Unraveling the secrets to ‘sustainable behavioural change’ (SBC) is like searching for the Holy Chalice. In order to understand SBC a little more, we must first recognize that we humans are running on autopilot for around half of our waking hours. Here’s an interesting correlation: –

‘People spend 46.9 percent of their waking hours thinking about something other than what they’re doing, and this mind-wandering typically makes them unhappy.’ (Harvard Gazette,) 

‘A habit is defined as an action that is undertaken with little or no conscious thought – by some estimates this guides nearly half of our daily actions.’ (Journal of Personality and Social Psychology)

In other words, I would suggest that for approximately half of our waking day we’re lost in thought whilst following habitual patterns of behaviour, which leaves us feeling unhappy.

Some of our habits were acquired many years ago when we were growing up, such as cleaning our teeth after endlessly being reminded by our parents. Other habits have been acquired without us even realizing that we’ve being conditioned into an habitual form of behaviour – such as our tendency to regularly check our phones and digital devices for messages and so on.

Some of our habits were acquired many years ago when we were growing up, such as cleaning our teeth after endlessly being reminded by our parents. Other habits have been acquired without us even realizing that we’ve being conditioned into an habitual form of behavior – such as our tendency to regularly check our phones and digital devices for messages and so on.

In fact, the digital age is seducing our every little desire, or ‘itch’, that is longing to be scratched. Social media companies exist with one simple objective – to engage us in habitual patterns of behaviour with a product that provides some sort of ‘relief’. Doubtless there is a reward that justifies our time spent on any given social media, but perhaps if we observed our behaviour through the filter of a calm, objective mind, we might sense that we are at times a little obsessed, or even addicted. We also know that Facebook and other social media companies are at the epicenter of a growing trend towards declining (real) intimacy, loneliness, anxiety and depression.

Let’s now take a look at what the experts have to say on the subject. Nir Eyal, the author of the bestselling book, ‘Hooked’, says:
‘The Hook Model describes an experience designed to connect the user’s problem to a solution frequently enough to form a habit. The Hook Model has four phases: trigger, action, variable reward, and investment.”

BJ Fogg of Stanford University, an expert in behavior change, says:
“I’ve studied human behavior for 20 years. Here’s what I’ve learned: Only three things will change behavior in the long term. Option A: Have an epiphany. Option B: Change your environment. Option C: Take baby steps.”

BJ Fogg is actually the Director of Persuasive Technology at Stanford University, and accordingly has created a model that provides a simple explanantion of what drives our actions: B = M A T.

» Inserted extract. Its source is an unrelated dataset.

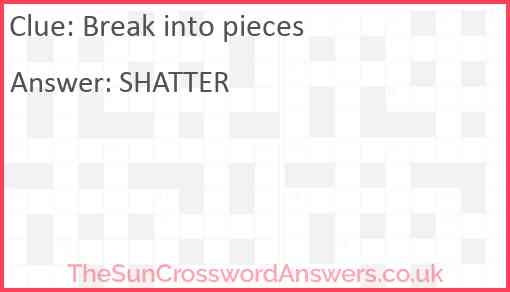 Break Into Pieces Crossword Clue TheSunCrosswordAnswers co ukBreak Into Pieces Crossword Clue TheSunCrosswordAnswers Co Uk

Where B is the given behaviour; M is sufficient motivation; A is the ability to complete the desired action; and T is the Trigger that must be present to initiate the behaviour. This adds a little more colour to the subject, in that it breaks down the elements that drive our habitual actions.

I’m going to make a distinction here, between habits that have real enduring value for us, and those where we’ve been ‘unconsciously hooked’.

It’s almost a proverb that the good intentions we have surrounding our ‘New Year’s Resolution’ will be short-lived. But why is this? I believe that the primary reason we fail to maintain our resolve is because we don’t want ‘it’ enough. But this isn’t the whole story, because we can all think of goals that we have which are deeply and passionately felt, and yet we simply keep ‘falling off the wagon’.
Why is it for example that eventhough we truly want to lose a few pounds, each new dieting attempt endlessly fails to keep the pounds off?

I’d like to offer my own model of what I feel describes the process by which we achieve SBC, specifically in the context of those habits that have true, enduring value for us, as opposed to those that cause us to become unconsciously hooked:

SBC = D S A

Where –

D = Heartfelt Desire
S = System of Support
A = Small Daily Actions

Let’s break these down a little.

Heartfelt Desire – Your heartfelt desire is the ‘Why’, the essence of your dream or goal. This is the most magical ingredient that you bring to the table, because all else springs forth from this. Clarity of purpose is your heartfelt desire expressed as a clear objective. When you can clearly envision the outcome that you are seeking, you have an abundance of inspiration and energy with which to act.
A System of Support – I believe that we all need support and guidance, beyond family and friends, in order to create sustained, positive change. Given all of life’s travails and our wavering willpower, I think that we would all benefit from having a coach, or someone who has agreed to offer us support in a particular undertaking. Ideally, both!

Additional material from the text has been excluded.